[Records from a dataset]
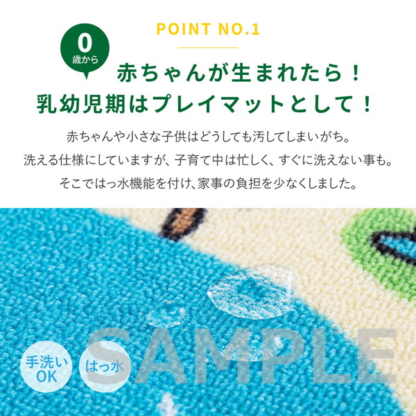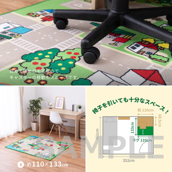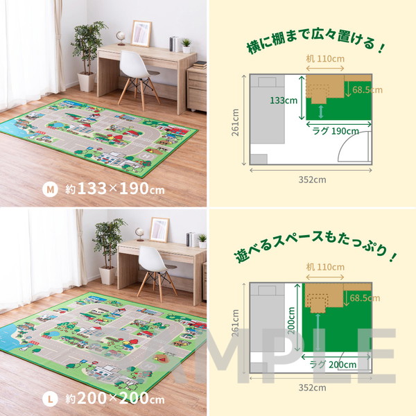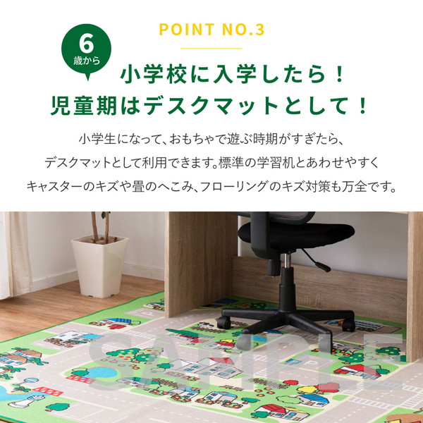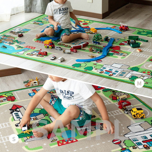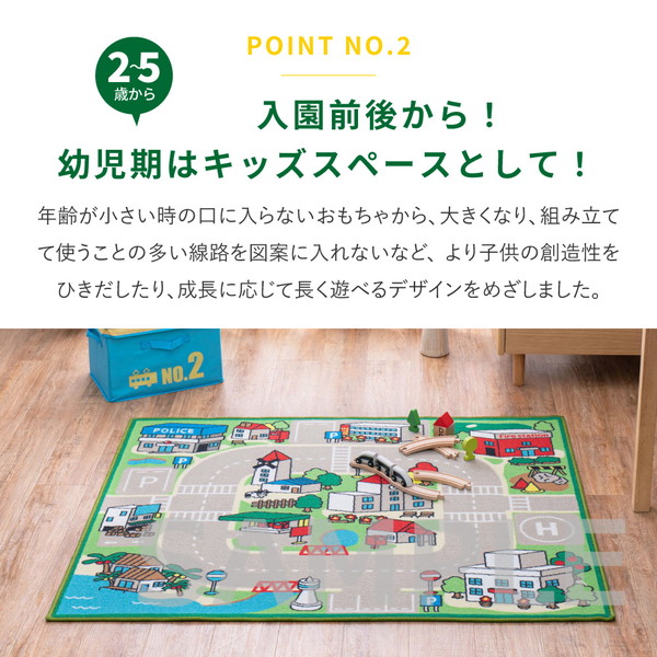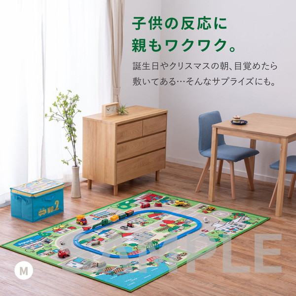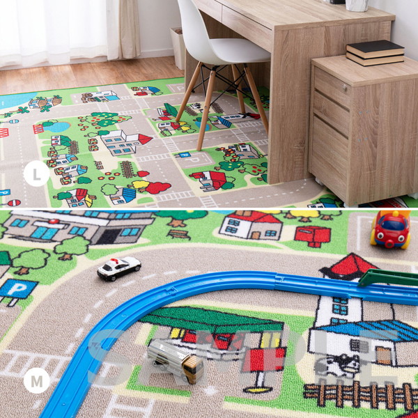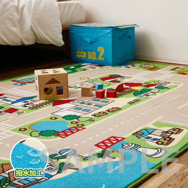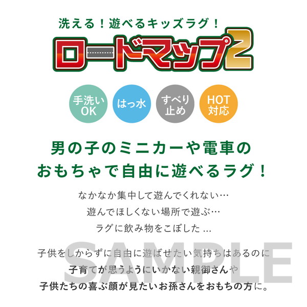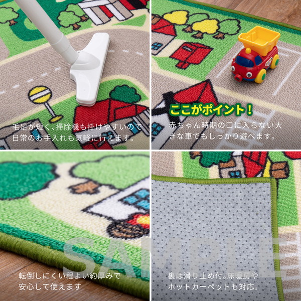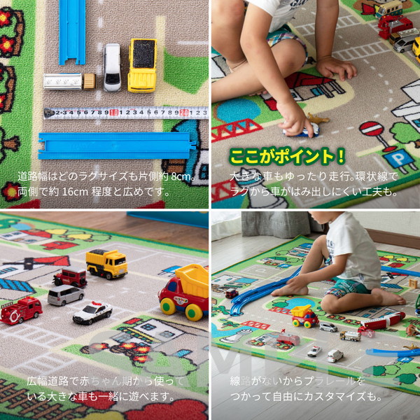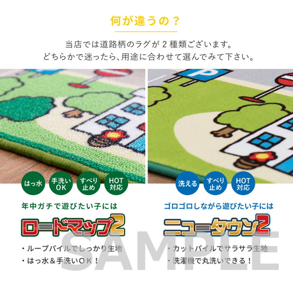 赤ちゃん期はプレイマット、幼児期はキッズコーナーマット・キッズラグ、小学生児童期は学習デスクマットで長く使える道路マップ柄ラグ。誕生日やクリスマスのプレゼントにも人気です。ループパイルはサラッとした感触で弾力性と耐久性があり、しっかりとした踏み心地。毛足がカットされていないため、ホコリやゴミが入り込みにくく、掃除がしやすいのもポイント。はっ水加工を施しているため飲みこぼしなどもサッと拭き取れシミになりにくく、汚れても手洗いOK。裏面は滑りにくい加工付き。ホットカーペットや床暖房に対応しており、オールシーズンお使いいただけます。
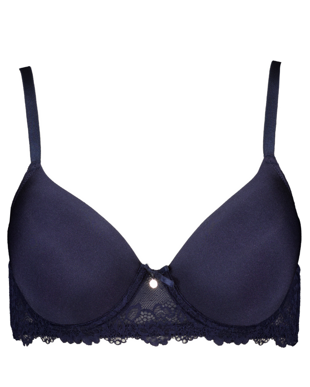 Deze blauwe gewatteerde bh voor dames is gemaakt van kant en heeft een normale onderborst. De stof bestaat uit polyamide en elastaan, wat zorgt voor een comfortabele pasvorm en voldoende steun. De bh is geschikt om dagelijks te dragen.
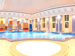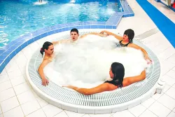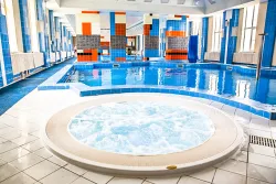 Wellness-центр представлен бассейном с искусственной волной, противопотоком. В целях оздоровления можно посетить соляную пещеру, турбосолярий, баню и сауну.
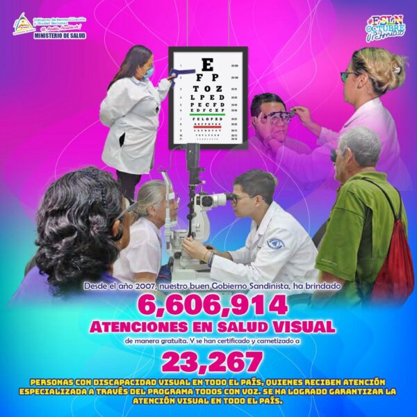 Desde el año 2007 al 2023, nuestro Buen Gobierno Sandinista ha certificado y carnetizado a 23,267 personas con discapacidad visual en todo el país, quienes reciben atención especializada a través del Programa Todos con Voz. Asimismo, se han brindado 6,606,914 atenciones en salud visual, detalladas a continuación:
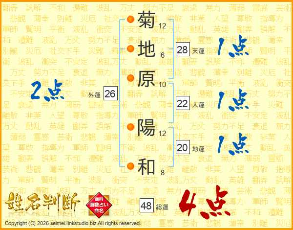 菊(12画)地(6画)原(10画) 陽(12画)和(8画)
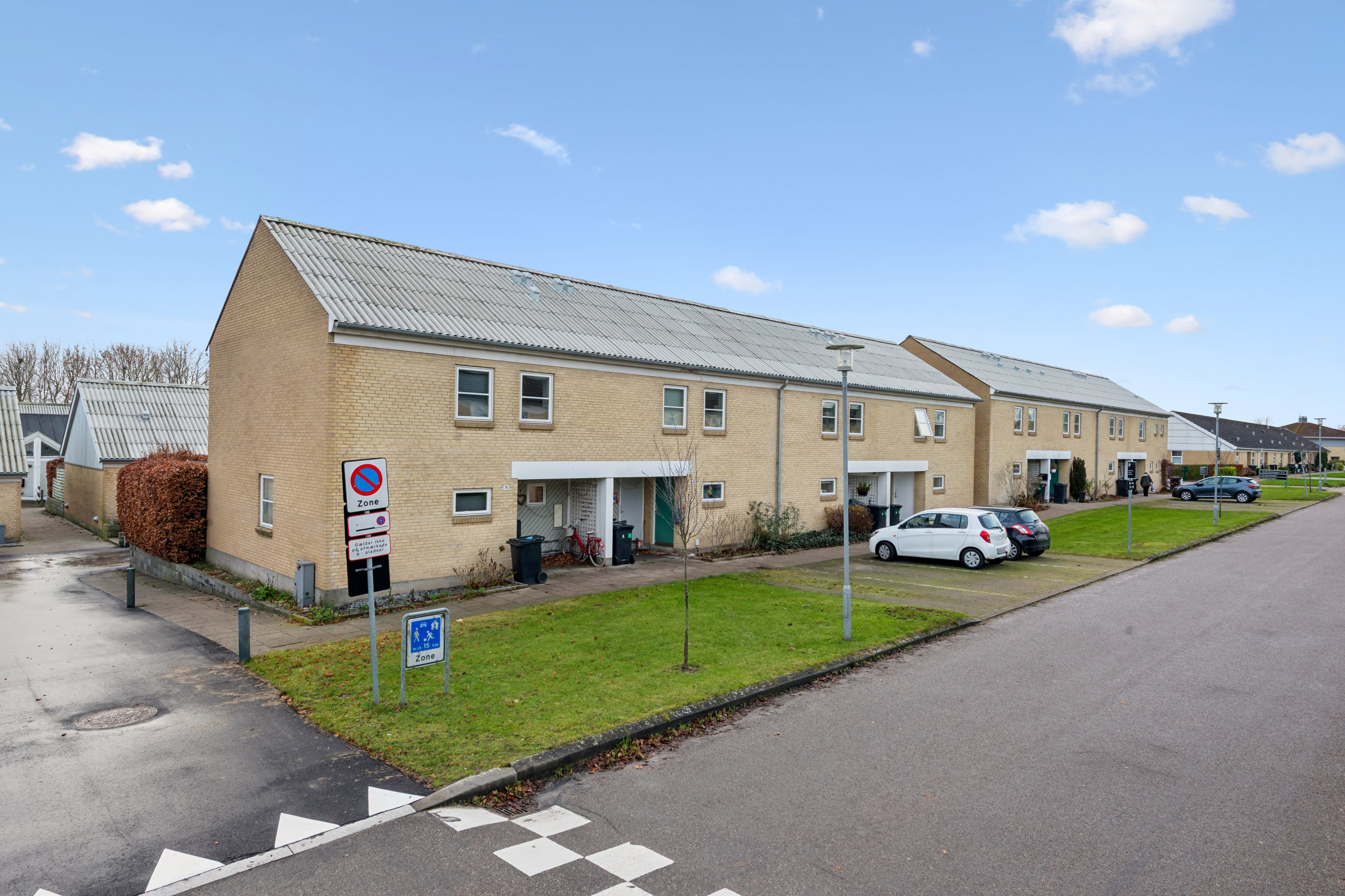 Bebyggelsen er opført i 1992 og består af klassiske gulstenshuse i to plan. Flotte, grønne fællesarealer lægger sig mellem husene, og der er flere legepladser i nabolaget, så børnene kan trygt mødes med kammeraterne her på det lukkede vænge. I kan desuden glæde jer over alt fra fjernvarme til en lav boligydelse, så der er gode nyheder, allerede før I træder over dørtærsklen.
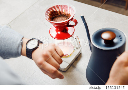 Brewing Drip Coffee in Modern Bright Kitchen With a Kettle with Thin Spout Electric Scale Ready for Measurement
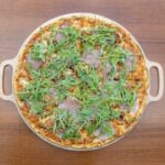 piza 24 Gamberi e rukola sos, ser, kamambert,suszone pomidory,szpinak z czosnkiem, rukola
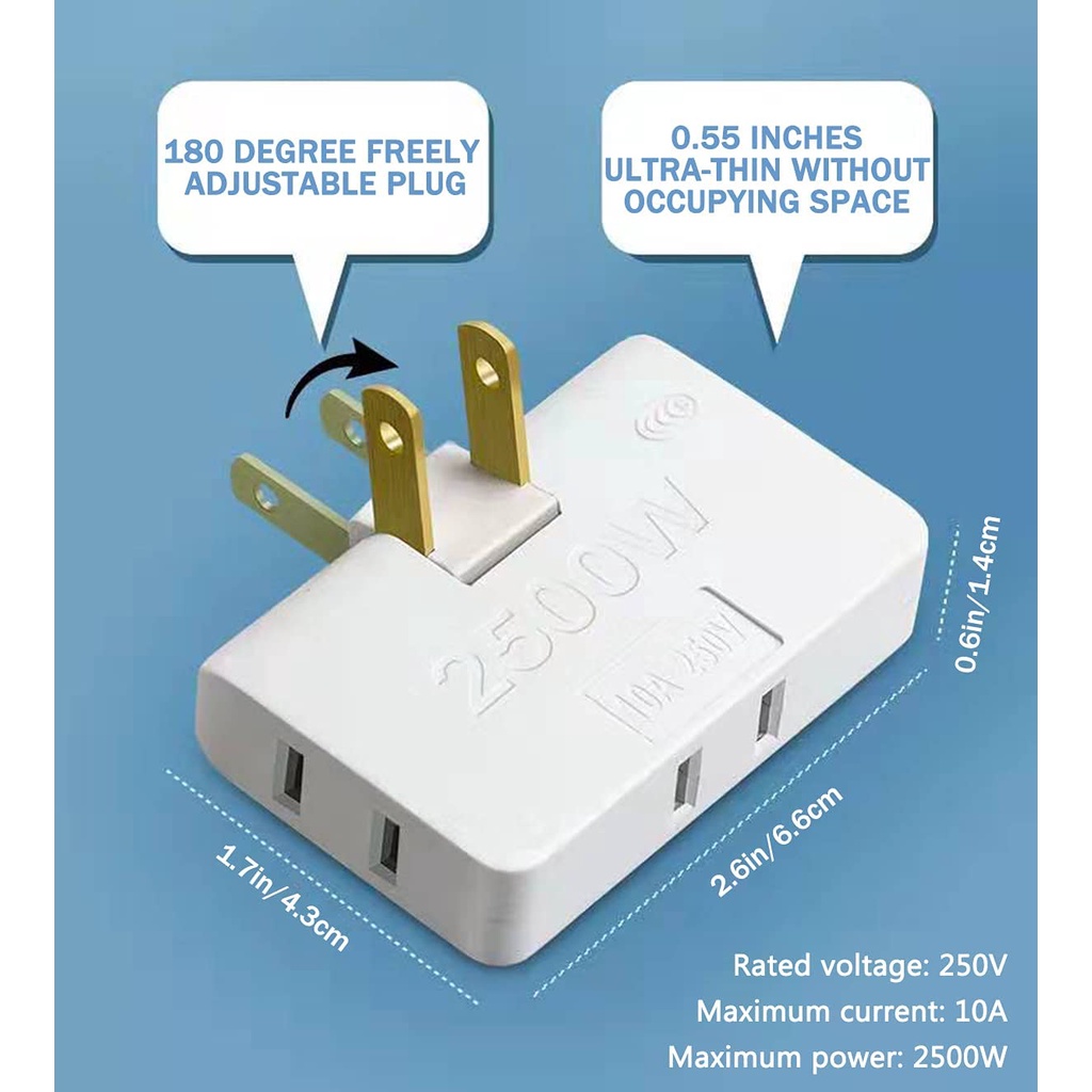 3 in 1 Extension Plug 3 Way Wall Outlet Extender AC Adapter 2-Prong
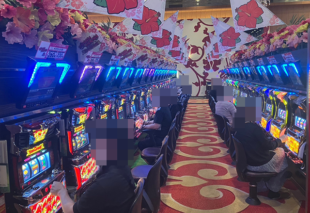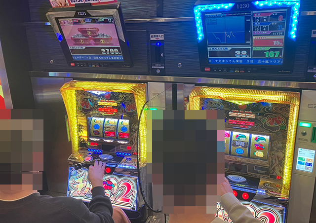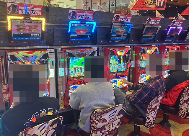「ハナハナホウオウ~天翔~-30」や「キングハナハナ-30」などにじっくりと遊技を満喫しているような姿があり、取材中も稼働率はどんどん上がっていった。
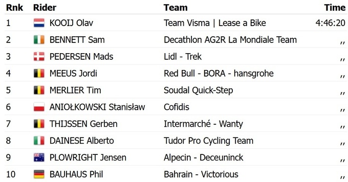 Нидерландский велогонщик команды «Visma Lease a Bike» Олав Коой стал победителем четвертого этапа многодневки Тур Польши. В финишном спринте из пелотона он опередил ирландца Сэма Беннетта из «Decathlon Ag2r» и датчанина Мадса Педерсена из «Lidl Trek».
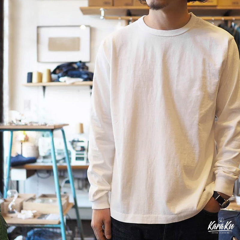 着込むほどに味わいを増すコットンの風合いも見もの、コットン100%素材は230gを誇り、耐久性に優れるのでガシガシ着られる。肉厚ゆえに透ける心配もなく、着ごたえもしっかり感じられる。
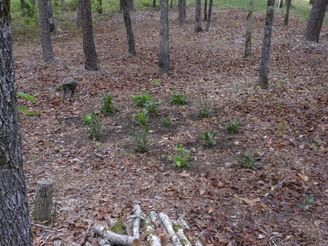 This bed was off by itself (as seen in the plat below) to give them room to spread. They are not looking great, but some have survived.
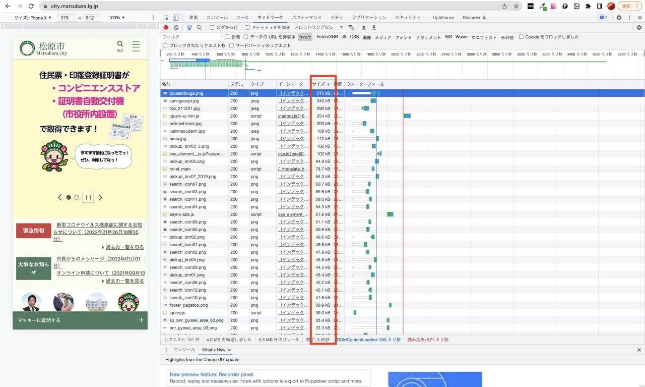 試しに、私の故郷"大阪府松原市"のオフィシャルサイトの画像群の重さを計測してみました。
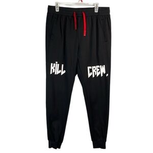 Kill Crew Unisex Joggers Black Thigh Graphics Drawstring Pockets Gym Workout L
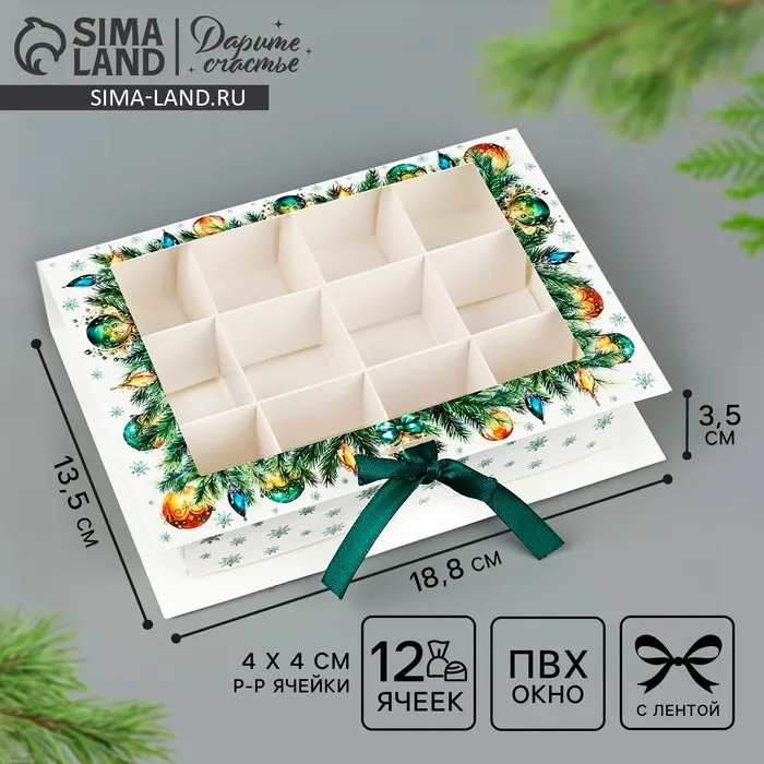 Коробка под 12 конфет с ячейками «С Новым годом!» 18.8 х 13.5 х 3.5 см — Характеристики
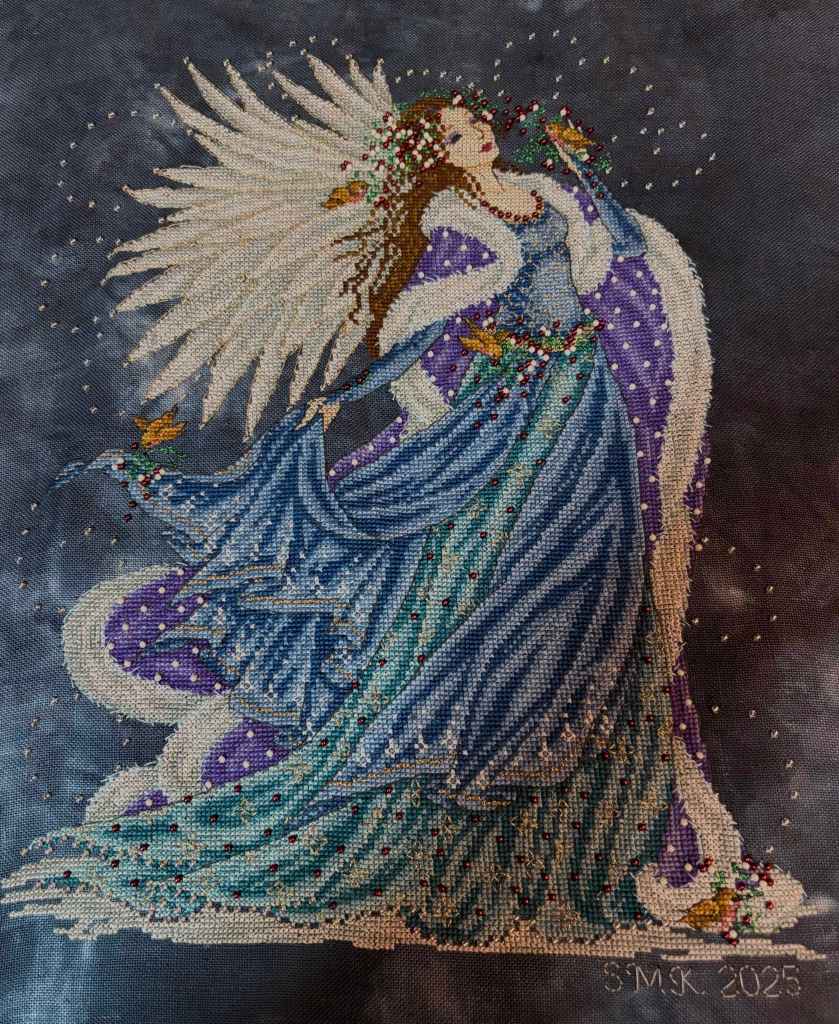 Last by not least, Christmas Blue Angel by Joan Ellliott (25 days, 26, 191 st) was my third Joan Elliott finish of 2025, and the third of four in my self selected “Joan Elliott Christmas series” . She was a joy to stitch, even on the dark fabric. I couldn’t be more pleased with how she pops and the night time effect.

**WHAT IS NEEDED:** Your answer is the exact run of lines above from the one with "着込むほどに味わいを増すコッ" through the one with "Коробка под 12", both ends included, minus any picture.

**TASK SOLUTION:**
 着込むほどに味わいを増すコットンの風合いも見もの、コットン100%素材は230gを誇り、耐久性に優れるのでガシガシ着られる。肉厚ゆえに透ける心配もなく、着ごたえもしっかり感じられる。
 This bed was off by itself (as seen in the plat below) to give them room to spread. They are not looking great, but some have survived.
 試しに、私の故郷"大阪府松原市"のオフィシャルサイトの画像群の重さを計測してみました。
 Kill Crew Unisex Joggers Black Thigh Graphics Drawstring Pockets Gym Workout L
 Коробка под 12 конфет с ячейками «С Новым годом!» 18.8 х 13.5 х 3.5 см — Характеристики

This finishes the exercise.